Jonas war verschwunden.
Verwirrt sah Morgenstern sich in alle Richtungen um. Ein lautes Quietschen ließ ihn herumfahren, und jetzt sah er ihn: Jonas Zinsmeister hatte sich lautlos zu einer der Luken im Kirchendach bewegt und sie nun mit einem entschlossenen Griff geöffnet. Entsetzt sah Morgenstern, wie der junge Mann sich mit einem souveränen Klimmzug durch das schmale Fenster schwang und nach einem kurzen Moment des Zögerns ins Freie verschwand.
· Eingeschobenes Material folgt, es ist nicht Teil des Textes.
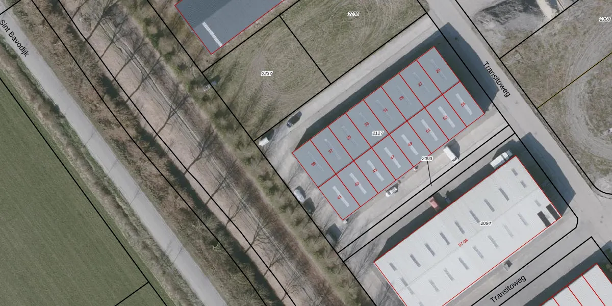Transitoweg 39 is gelegen op kadastraal perceel OBG00R2127. Deze kadastrale aanduiding is uniek en wordt gebruikt door het Kadaster om eigendomsrechten en andere zakelijke rechten vast te leggen. Het perceel maakt onderdeel uit van de kadastrale gemeente Oostburg.
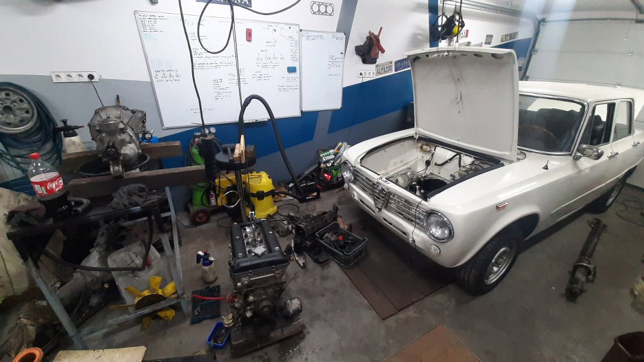 A tak wygląda obecnie pobojowisko. Skrzynia na stole, silnik jeszcze nie na stojaku, Alfa obok. Ja, w pozycji Religi po przeszczepie, robię zdjęcie.
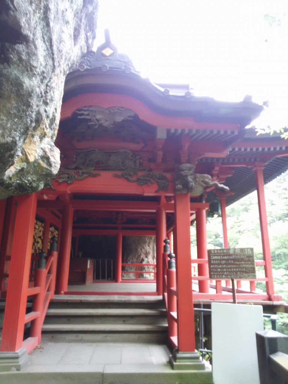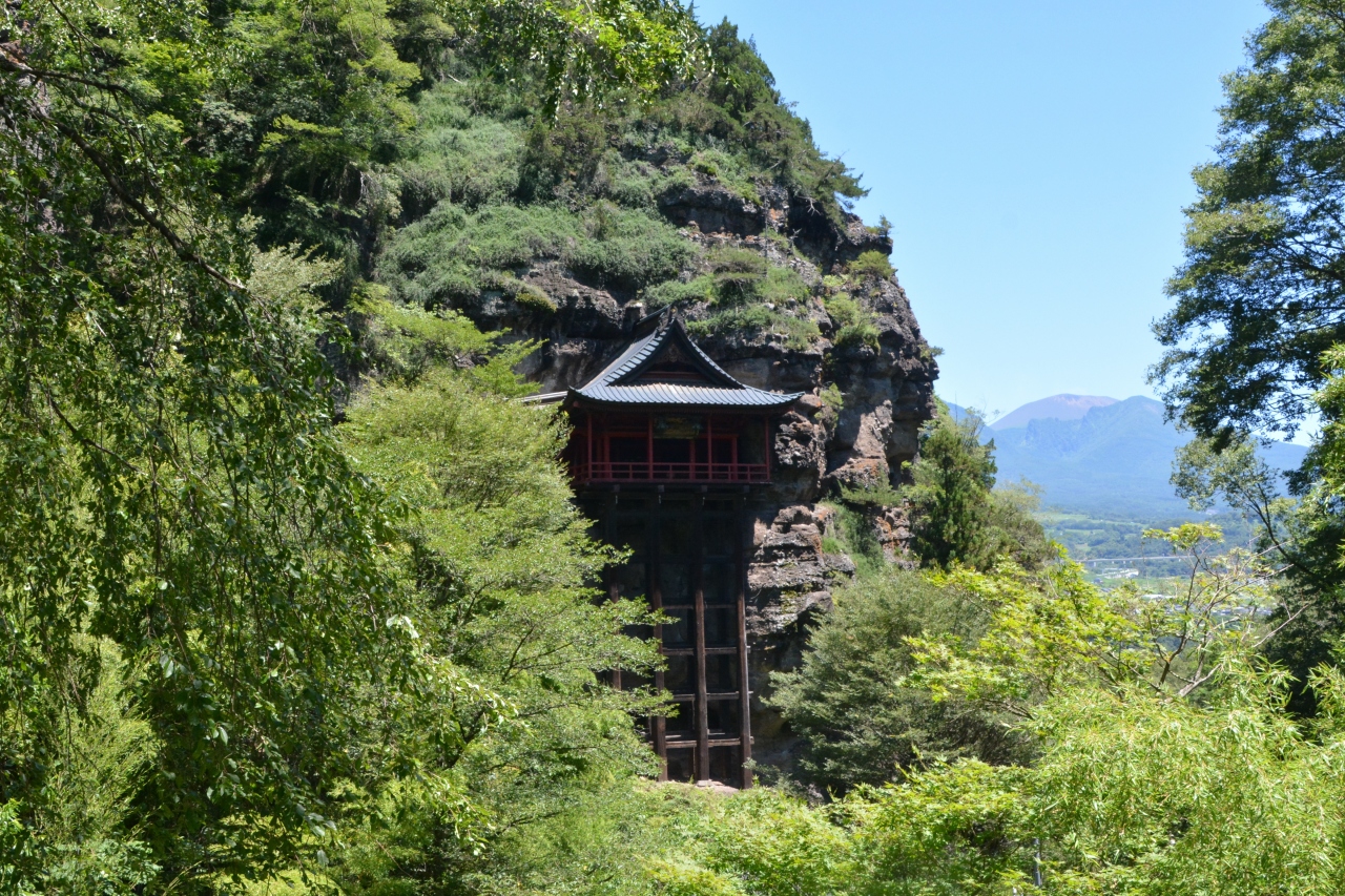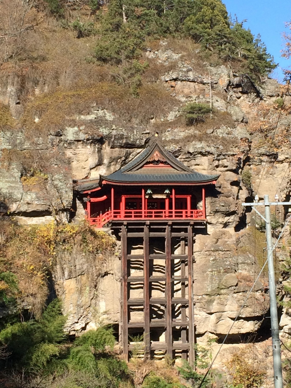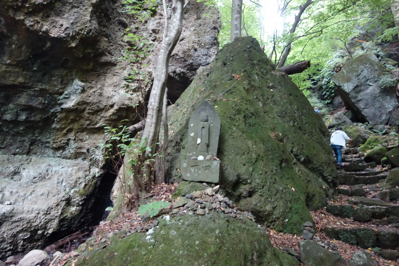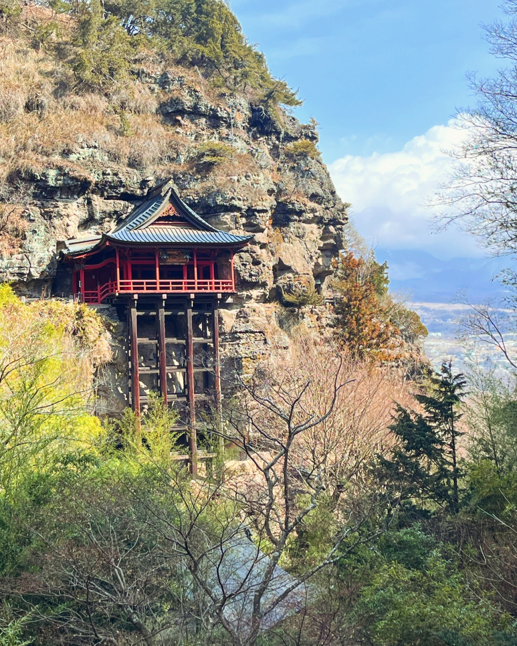 崖っぷち系が好きな人にはたまらない場所です。館山にある大福寺崖観音の山バージョンといったところでしょうか。スタスタ登って15分、ゆっくり登ると30分近くかかります。森の中の参道はちょっとしたトレッキングです。

Wie alle Kirchendächer war auch das Dach der Spitalkirche extrem steil. Die Fenster befanden sich etwa zwei Meter über der Dachrinne, und als Morgenstern endlich mit Hilfe eines alten Nachtkästchens seinen Oberkörper ins Freie schieben konnte, sah er im trüben Nebel der Morgendämmerung, wie Jonas Zinsmeister, der geübte und völlig schwindelfreie Kletterer, in der Regenrinne an der Traufe des Dachs entlangbalancierte, die Arme weit vom Körper gespreizt. Unter ihm, wohl fünfzehn Meter tiefer, floss dunkel die Altmühl in ihrem Bett, von der Kirchenmauer nur durch einen fünf Meter schmalen Gartenstreifen getrennt.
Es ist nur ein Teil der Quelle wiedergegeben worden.